Concepts¶
Architecture¶
General Elasticsearch Cluster Information¶
In order to avoid excessive, useless network traffic generated when the cluster reallocates shards across cluster nodes after you restart an Elasticsearch instance, NetEye employs systemd post-start and pre-stop scripts to automatically enable and disable shard allocation properly on the current node whenever the Elasticsearch service is started or stopped by systemctl.
Details on how shard allocation works can be found here.
Note
By starting a stopped Elasticsearch instance, shard allocation will be enabled globally for the entire cluster. So if you have more than one Elasticsearch instance down, shards will be reallocated in order to prevent data loss.
- Therefore best practice is to:
Never keep an Elasticsearch instance stopped on purpose. Stop it only for maintenance reasons (e.g. for restarting the server) and start it up again as soon as possible.
Restart or stop/start one Elasticsearch node at a time. If something bad happens and multiple Elasticsearch nodes go down, then start them all up again together.
Elastic Only Nodes¶
From Neteye 4.9 is possible to install Elastic-only nodes in order to improve elasticsearch performance without a full Neteye installation.
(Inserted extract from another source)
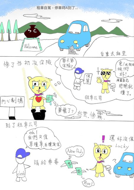 還車時,店員卻說,他們只保「車撞車」,自撞沒保。

To create an elastic only node you have to create an entry of type
ElasticOnlyNodes in the file /etc/neteye-cluster
as in the following
example. Syntax is the same used for standard Node
{ "ElasticOnlyNodes": [
{
"addr" : "192.168.47.3",
"hostname" : "neteye03.neteyelocal",
"hostname_ext" : "rdneteye03.si.wp.lan"
}
]
}
Voting Only Nodes¶
From Neteye 4.16 is possible to install Voting-only nodes in order to add a node dedicated only to provide quorum. If SIEM module is installed this node provides a voting-only functionalities also to Elasticsearch cluster.
This functionality is achieved configuring the node as voting-only master-eligible node specifying the
variable ES_NODE_ROLES="master, voting_only"
in the sysconfig file
/neteye/local/elasticsearch/conf/sysconfig/elasticsearch-voting-only
.
Voting-only node is defined in /etc/neteye-cluster
as in the following example
{ "VotingOnlyNode": {
"addr" : "192.168.47.3",
"hostname" : "neteye03.neteyelocal",
"hostname_ext" : "rdneteye03.si.wp.lan",
"id" : 3
}
}
Please note that VotingOnlyNode is a json obect and not an array because you can have a single Voting-only node in a NetEye cluster.
Elasticsearch Clusters¶
Design and Configuration¶
With NetEye 4 we recommend that you use at least 3 nodes to form an Elasticsearch cluster. If nevertheless you decide you need a 2-node cluster, our next recommendation is that you talk with a Würth Phoenix NetEye Solution Architect who can fully explain the risks in your specific environment and help you develop strategies that can mitigate those risks.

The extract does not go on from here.